Why Polls Disagree
Two pollsters survey the same race in the same week and publish different leaders. Neither is necessarily wrong. Polling involves a chain of judgment calls, and each one can move the numbers.
The baseline: sampling noise
Before any methodological choices enter, two polls of the same race will differ simply because each interviews a different random sample. That alone produces spread of a few points between honest, competent polls. Disagreement only needs explaining when it is larger or more persistent than chance would produce — and that is where the choices below come in.
Mode effects
How a pollster reaches people shapes who answers. Live telephone interviews, online panels, text-message surveys, and automated calls each reach somewhat different slices of the public — by age, by how online they are, by willingness to talk to a stranger. People can also answer differently when speaking to a human than when tapping a screen. Two firms using different modes can both execute well and still see different electorates.
Likely-voter screens
A poll of all adults, of registered voters, and of “likely voters” are three different surveys. Deciding who counts as likely to vote is a judgment call: some firms ask respondents directly, some use vote history, some build statistical models. Because the people screened out often lean differently from those kept in, the screen itself can shift the topline — especially in lower-turnout midterm elections, where guessing who shows up is hardest.
Weighting choices
No raw sample looks exactly like the electorate, so every pollster adjusts — weighting respondents so the sample matches known population benchmarks like age, sex, education, race, and region. Firms differ on which benchmarks to use and how hard to correct, and contested choices (such as weighting on past vote or party) can move results by several points. Weighting is necessary; it is also a place where reasonable experts diverge.
House effects
Add those choices up and many firms show a persistent lean relative to the polling field — consistently a bit better for one party than the average of everyone else. This is called a house effect. It is usually a byproduct of method, not intent, and a firm with a house effect can still be informative — its movement over time often tracks real change even when its level sits high or low. Our average doesn't apply house-effect corrections, because doing so requires modeling assumptions we prefer to avoid; we say so plainly on the methodology page.
Timing
Polls are conducted over field windows of days, sometimes a week or more. Two polls “released” the same day may have interviewed people at different times, straddling a debate, a major news story, or a campaign event. When opinion is moving, part of the disagreement is simply that the polls measured different moments.

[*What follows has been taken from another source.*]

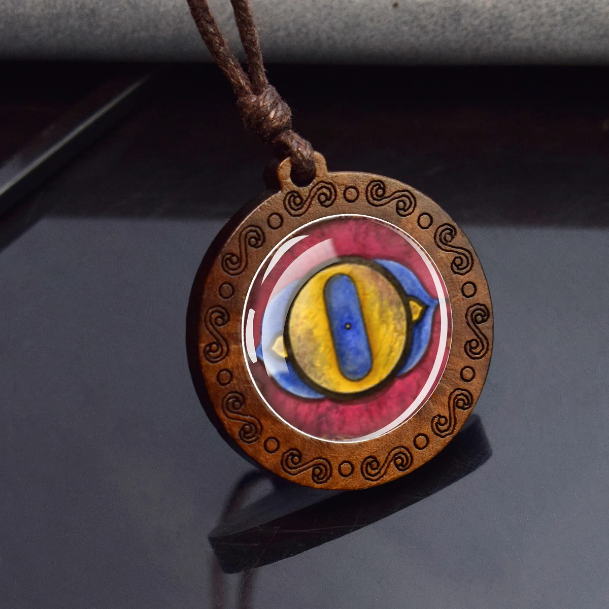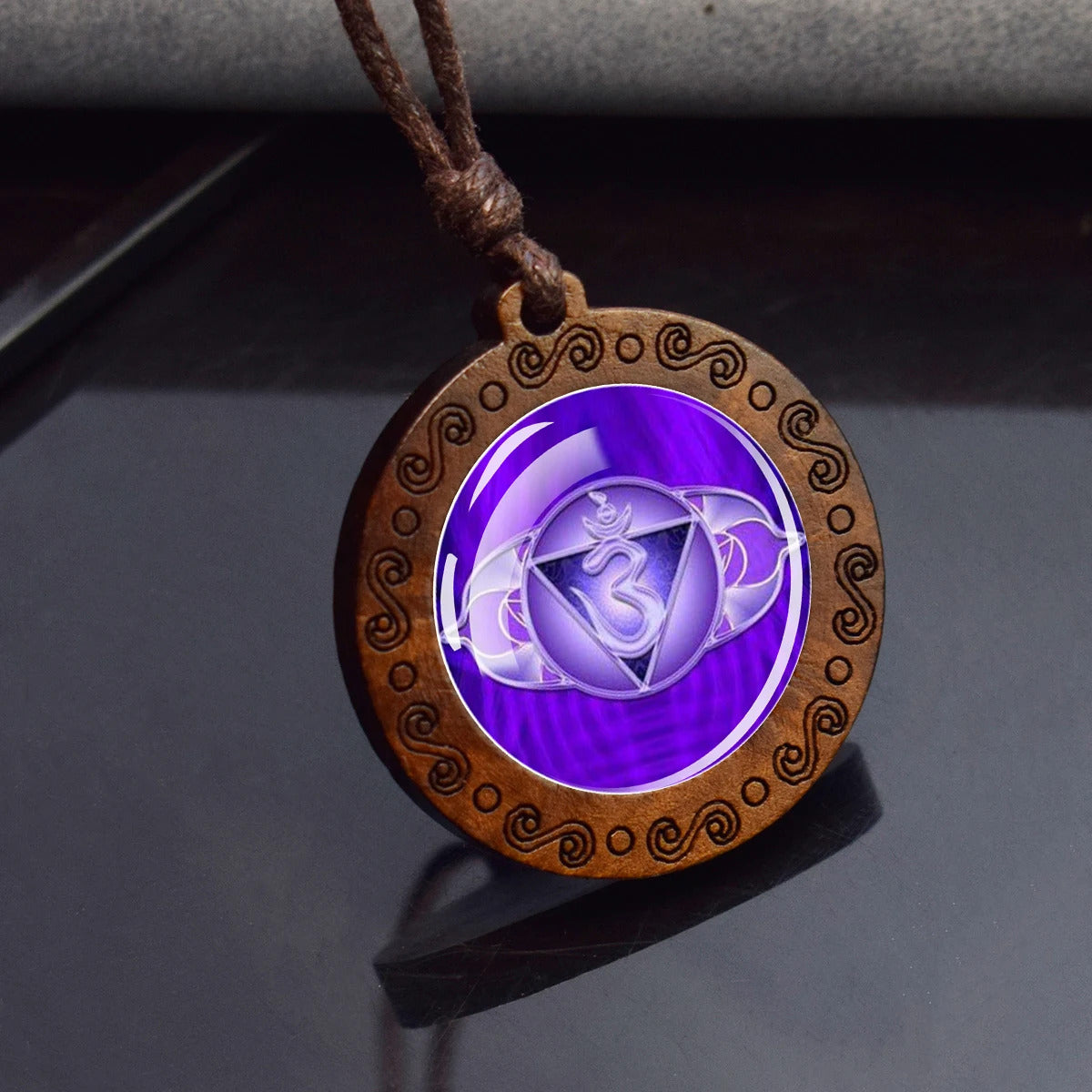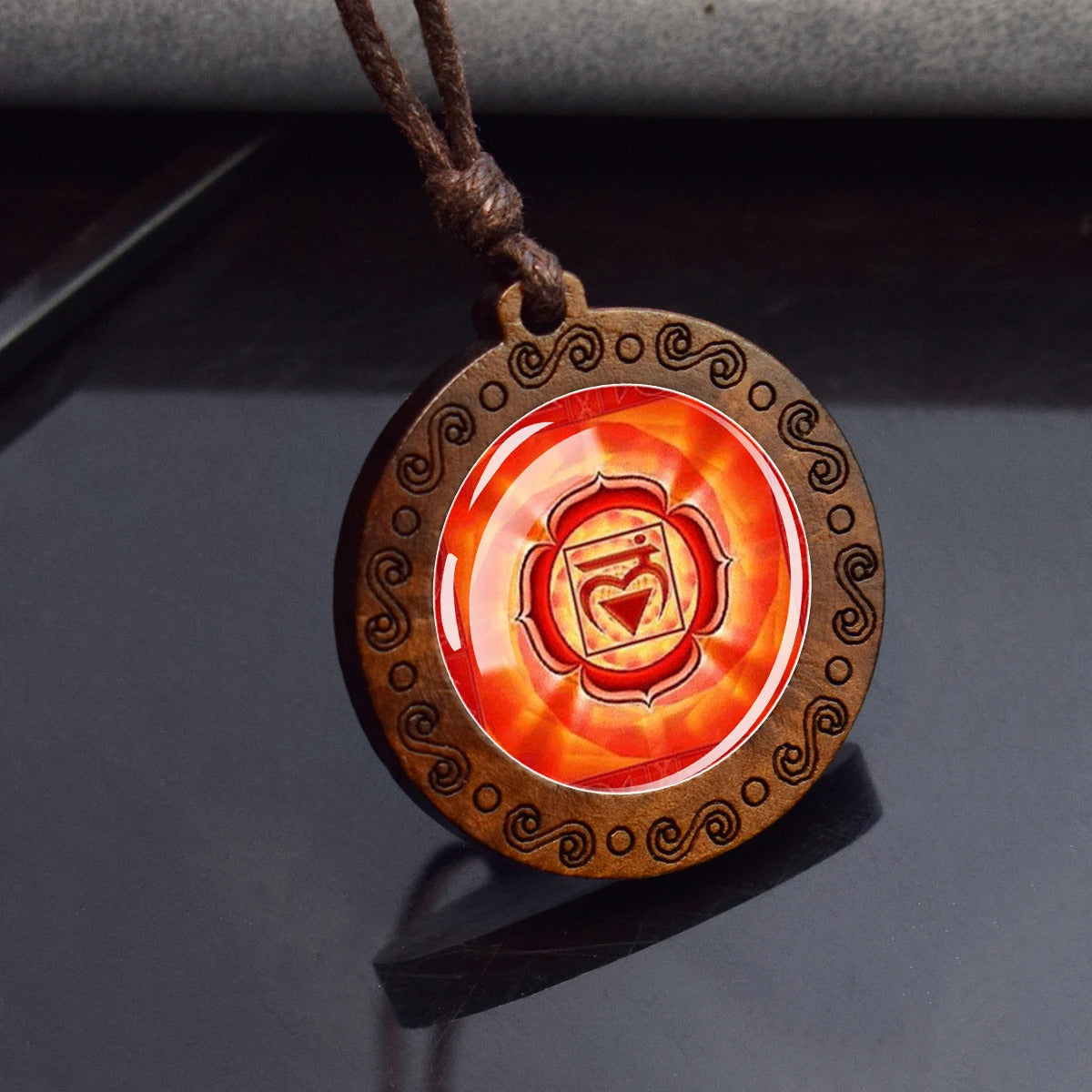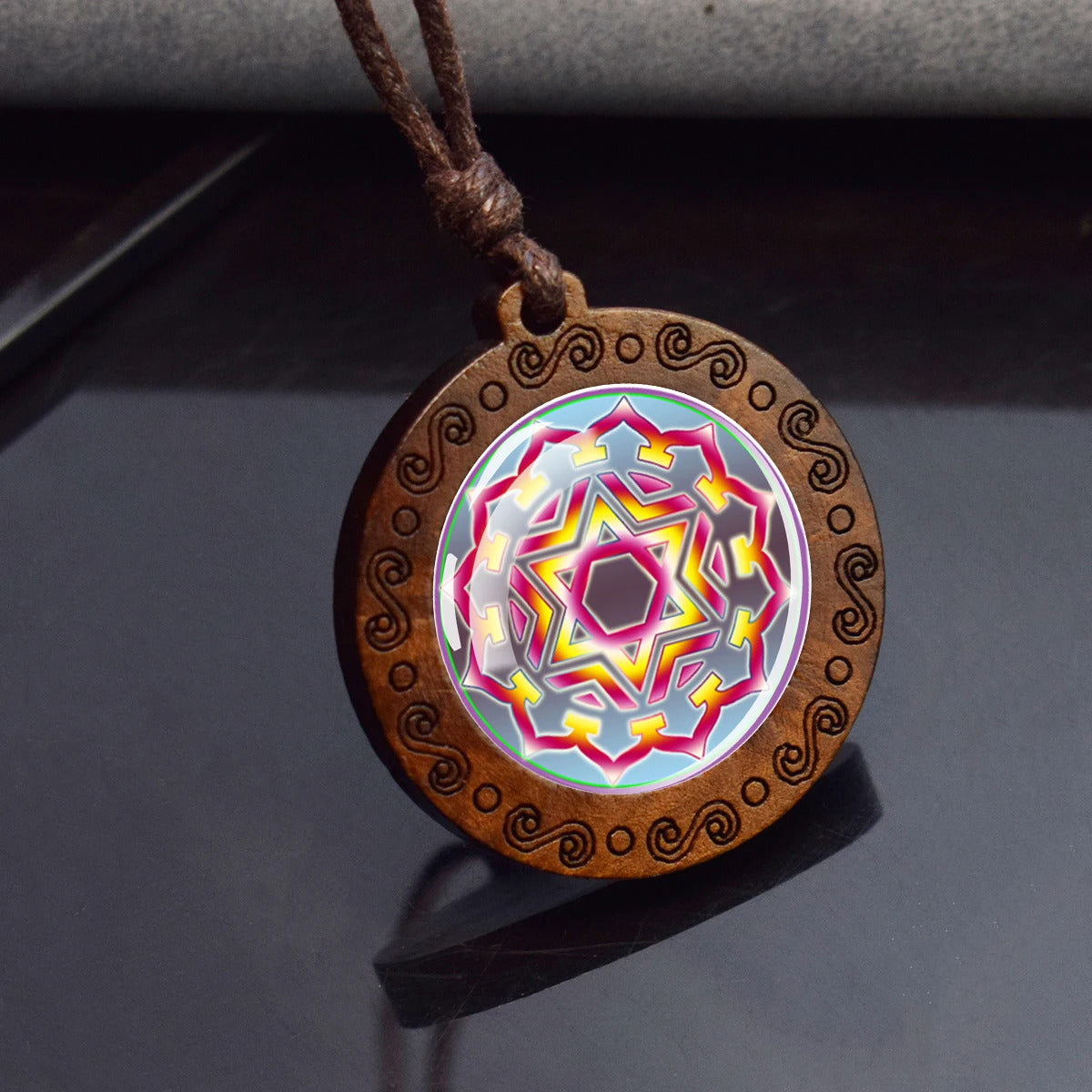 Boho Chakra Mandala Buddha Ethnic Spiritual Wooden Pendant Encased Glass Dome Bohemian Unisex Necklace Adjustable 45-86cm

What to do with disagreement
Treat it as information, not malfunction. A wide spread across pollsters is itself a signal that the race is hard to measure — and a reason to hold conclusions loosely. Averaging many polls smooths over individual choices, which is why we publish a weighted average rather than chasing single polls. But an average can't fix a miss the whole field shares; how we account for that is covered in How We Handle Uncertainty.